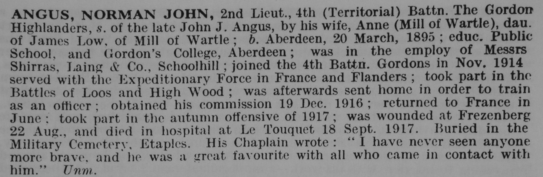 Angus N J 2nd Lt
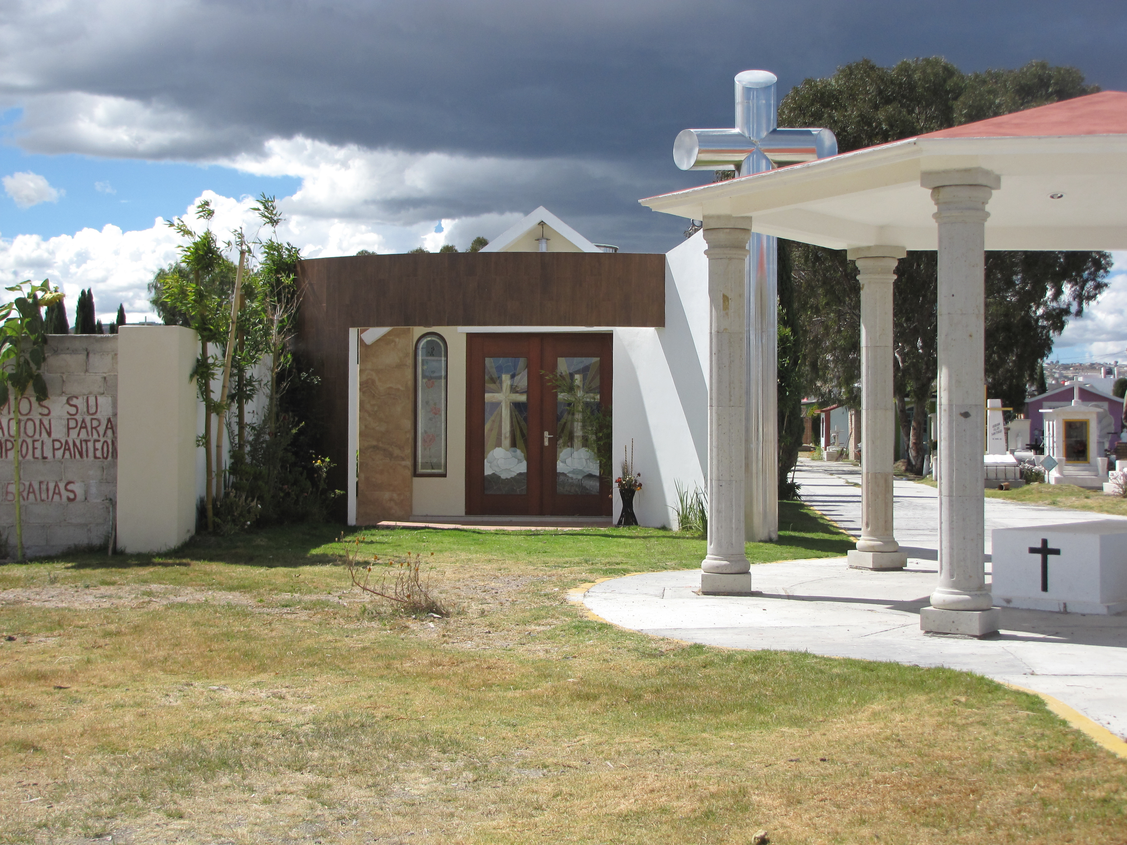 Una capilla rectangular de vidrios polarizados y cortados en vitrales con dos cruces sobre nubes celestiales en las dos puertas principales hechas en madera de pino, y unas rosas en las ventadas laterales, acabados finos en loseta, yeso y formica, de unos cuatro por ocho metros cercado por corredores de pasto perfectamente cortados y maceteros con flores diversas y pequeños árboles, en cuya fachada, a la derecha, se alza una cruz plateada de cuatro metros de altura, similar a la Iglesia de la Virgen de San Juan de Los Lagos, templo católico del lugar ubicado en la esquina de las calles Cedro y Álamo, donde en el año 2009 se edificó el Centro de catecismo Juan Pablo II, cuya placa conmemorativa reza: “Donada por Heriberto Lazcano Lazcano”.
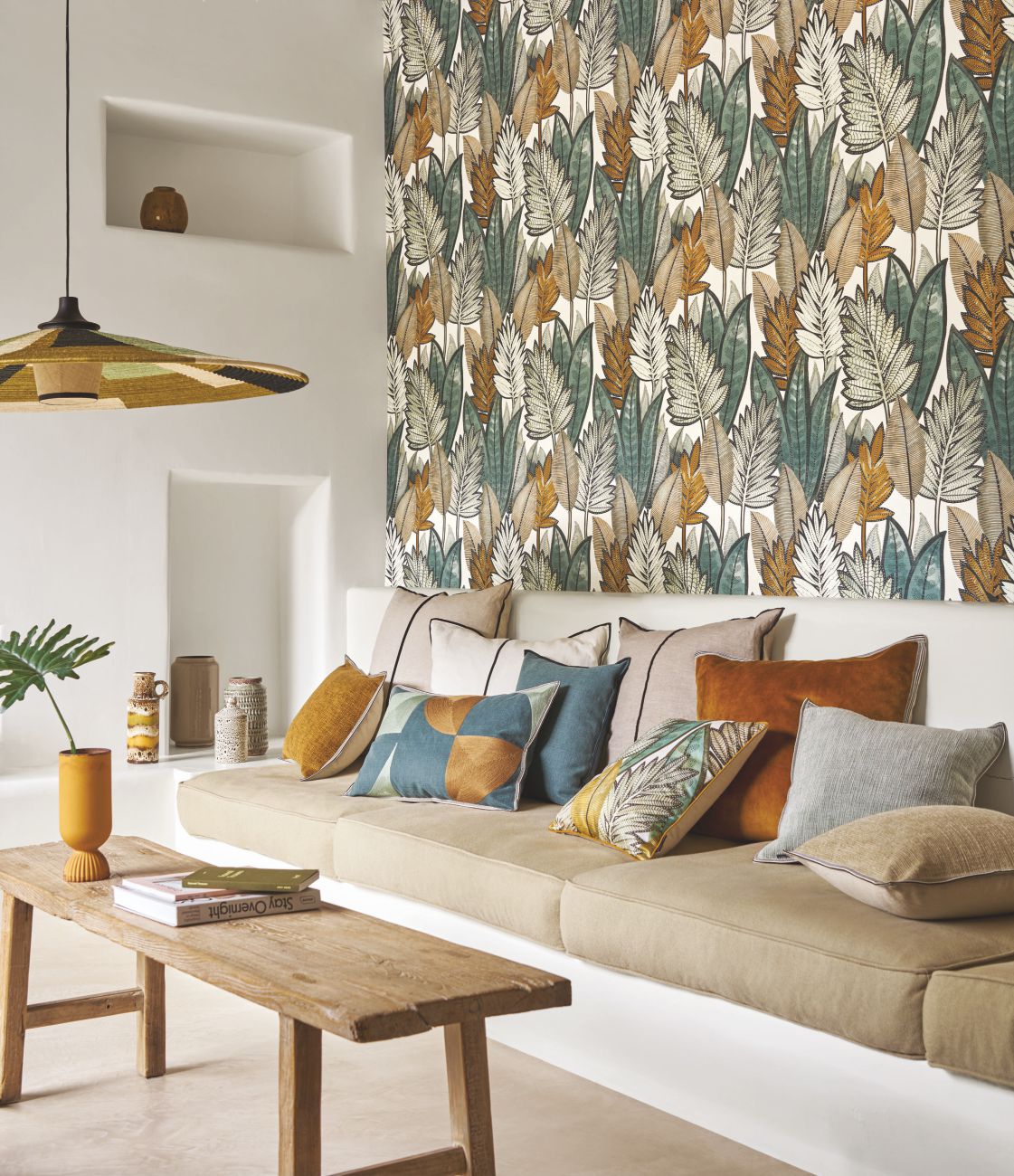 Die vernetzten Blätter des Sabal inspirieren dieses sehr farbenfrohe Design, das durch eine Strohmaserung hervorgehoben wird. Der Tiefdruck ermöglicht eine schöne Präzision des Musters und eine große Feinheit in der Kombination der Farben. Die intensiven Farben kommen im natürlichen Aspekt der Maserung zum Vorschein. Sabal ist auf den Stoff „Balata“ abgestimmt. Sabal ist eine Palme, deren handförmige Blätter eine kurze Hauptader haben.
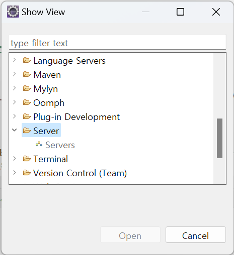 새롭게 컴퓨터를 포맷한 후 이클립스도 설치하고, Java 17도 설치하고, 아파치 톰캣도 설치를 마쳤습니다. 이제 이클립스에서 웹 애플리케이션 프로그래밍을 하기 위해서 서버를 시작하려고 하는데 Coose an existing server이 클릭이 안됩니다.
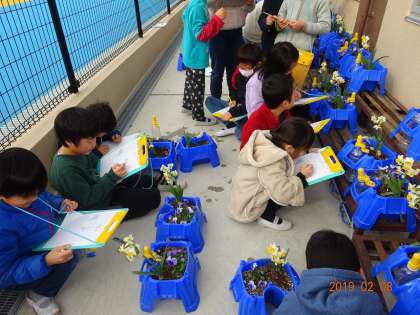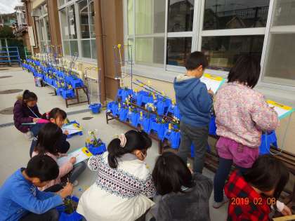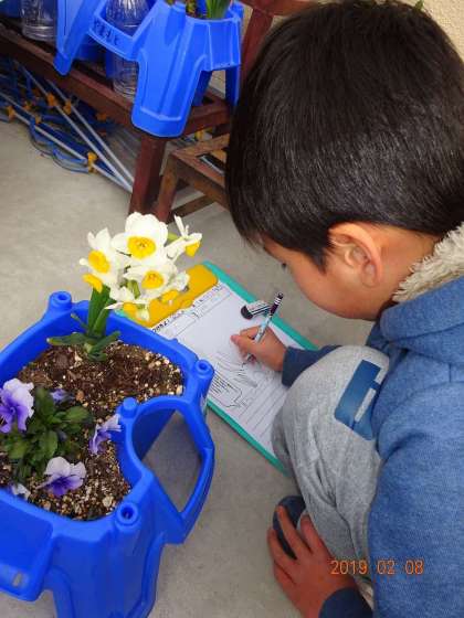 秋に植えた球根が,生長して,きれいな水せんの花が咲きました。触ったり,長さを測ったり,数を数えたりして観察しました。
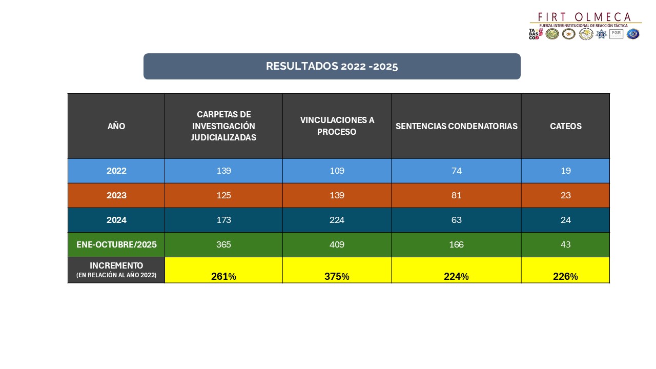 En su oportunidad, el delegado de la FGR, Martín Rivera Cisneros, resaltó que producto de la coordinación entre las instituciones de seguridad que conforman la Fuerza Interinstitucional de Reacción Táctica (FIRT) Olmeca, en el periodo enero-octubre de 2025, se incrementó en un 261 por ciento la judicialización de carpetas de investigación, en comparación con los ejercicios anteriores
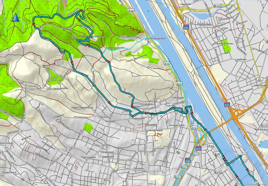 Első valamirevaló hegyi biciklizésem során végre bevettem a Kahlenberget, igaz, nem a rettegett Eisernehandgassen át, hanem egy fél fokkal szerényebb kaptatón. A Freudenau-i vízerőműnél rajtoltam, végig a Duna partján karikázva majd Nußdorfban kanyarodtam rá tulajdonképpeni tüdőköptetős szakaszra. Összesen 40km és cirka 500m szintemelkedés.

ABOUT THIS TASK: Everything from the first line of the records through the line containing "Una capilla rectangular" should be reproduced exactly, apart from the pictures.

SOLUTION FOR THIS PROBLEM:
 Angus N J 2nd Lt
 Una capilla rectangular de vidrios polarizados y cortados en vitrales con dos cruces sobre nubes celestiales en las dos puertas principales hechas en madera de pino, y unas rosas en las ventadas laterales, acabados finos en loseta, yeso y formica, de unos cuatro por ocho metros cercado por corredores de pasto perfectamente cortados y maceteros con flores diversas y pequeños árboles, en cuya fachada, a la derecha, se alza una cruz plateada de cuatro metros de altura, similar a la Iglesia de la Virgen de San Juan de Los Lagos, templo católico del lugar ubicado en la esquina de las calles Cedro y Álamo, donde en el año 2009 se edificó el Centro de catecismo Juan Pablo II, cuya placa conmemorativa reza: “Donada por Heriberto Lazcano Lazcano”.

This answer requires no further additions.